Трогательное участие, заключавшееся в приемах его, и голос превозмогли меня.

Я не мог ни говорить, ни смотреть на него, но склонившись к столу и поддерживая свою голову руками, начал горько плакать.

Добрый епископ обождал столько времени, сколько было надо мне, чтоб успокоиться, и потом с чрезвычайной кротостью нежно просил, чтобы я, если можно, поверил бы ему причину моей горести.

— Не бойся и не стыдись, дитя мое, рассказать мне печали твои, — сказал он. — Если имеем мы какое-нибудь земное достояние, то не забываем, что мы только раздаватели милостыни от руки Всевышнего. Мы стараемся следовать его примеру, но сколько я могу судить по наружности, не денежных пособий пришли вы испросить от меня.

— Нет, нет, — возразил я, — я не нуждаюсь в деньгах. — Но тут в изнеможении от избытка чувств не мог говорить более.

— Поэтому помощь, которой вы ищете, несравненно важнее помощи материальной, — сказал почтенный старец. — Эту мы весьма скоро можем доставить вам, но в требовании вашем есть нечто, возлагающее на нас гораздо более важную заботу. Благодарю Всемогущего, избравшего меня исполнителем сего, и при помощи Его мы не должны отчаиваться в успехе.
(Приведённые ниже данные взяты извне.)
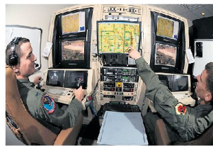
Führung und Einsatzplanung von UAV's benötigt viel Personal.

Tempo der Indienststellung neuer Drohnensysteme (UAV-Systeme) mithalten. Denn für die Führung und Einsatzplanung von ferngelenkten UAV's wird eine grosse Zahl von Piloten und Spezialisten benötigt. Die Air Force rief daher pensionierte Piloten auf, sich für die freiwillige Reaktivierung zu melden. In den letzten Monaten sollen sich gemäss Pentagon mehr als 1000 Offiziere a.D. gemeldet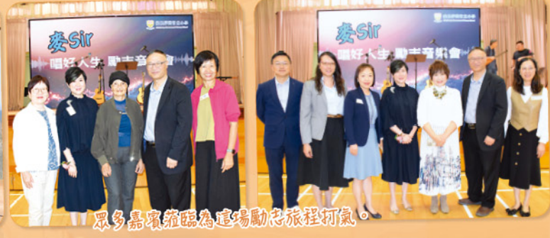
眾多嘉賓蒞臨為這場勵志旅程打氣。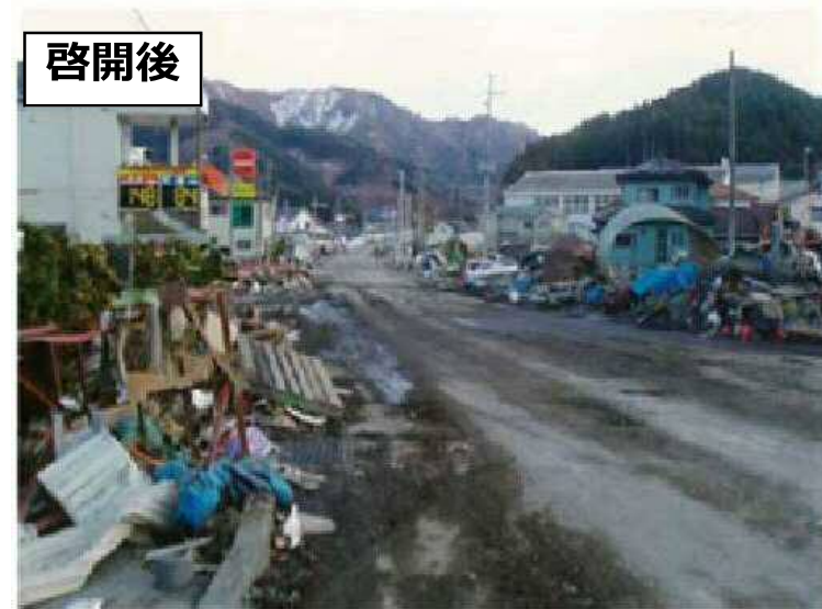
道路啓開の様子（東日本大震災）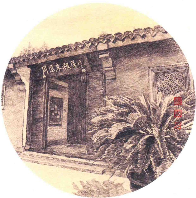
浙江绍兴周恩来祖居

Потом, отошедши к двери, он позвал молодую девушку, которая, как я после узнал, была его дочь, и, растворивши как можно менее дверь, чтобы она не могла видеть расстроенного моего положения, сказал ей:

— Милая моя Каролина, напиши герцогу и попроси извинения, что я не могу обедать у него сегодня, имея необходимость остаться дома по весьма важным делам; прикажи также, чтобы ни под каким предлогом никто не помешал мне!

После этого он затворил дверь и повернул ключ в замке, потом, придвинувши ко мне свой стул, самым убедительным образом просил меня откровенно рассказал ему все, чтобы мог он со своей стороны сделать для меня все, что можно.

Я попросил дать мне рюмку вина, что и было немедленно исполнено; он принял ее от слуги в дверях и сам с услужливостью подал мне.

Выпивши вино, я начал рассказывать ему происшествия моей жизни в кратком очерке и, наконец, пересказал все. Он слушал меня с величайшим любопытством и участием, спрашивал о состоянии моих чувств при некоторых случаях и, получив в ответ искреннее во всем сознание, сказал:

— Друг мой, ваша жизнь исполнена необыкновенных испытаний и переворотов. Тут есть много заслуживающего сожаления, много заслуживающего упреков и много требующего раскаяния, но состояние чувств, заставившее вас прибегнуть ко мне, служит доказательством, что вы ищете теперь только того, что, с помощью Господа, я надеюсь быть в состоянии доставить вам. Теперь поздно, и обоим нам надо подкрепить свои силы. Я прикажу подать обед, а вы должны послать в трактир за вашими вещами.

Увидя, что я хотел было возражать, он сказал:

— Вы не можете отказать мне в этом. Вы отдали себя на мое попечение как своему врачу, и потому должны исполнять мои требования. Моя обязанность в сравнении с докторской во столько раз важнее, во сколько наша душа нам дороже нашего тела.

Когда обед был подал, он постарался как можно скорее выслать слугу из комнаты и тогда подробно расспрашивал меня о моем семействе. Я отвечал с той же откровенностью. В течение разговора он произнес однажды имя мисс Сомервиль, но это так поразило меня, что, увидя мое смущение и наливши мне рюмку вина, он переменил разговор.

Десять дней провел я в доме этого достойного епископа, пользуясь всеми возможными удобствами. Каждое утро он посвящал два или три часа наставительной беседе со мною и давал мне по несколько книг разом, с отметками тех страниц, которые советовал мне прочитать. Он хотел было познакомить меня со своим семейством, но я просил отложить это на некоторое время, будучи слишком расстроен и убит духом. Он оставил меня жить одиноко в отведенных для меня комнатах.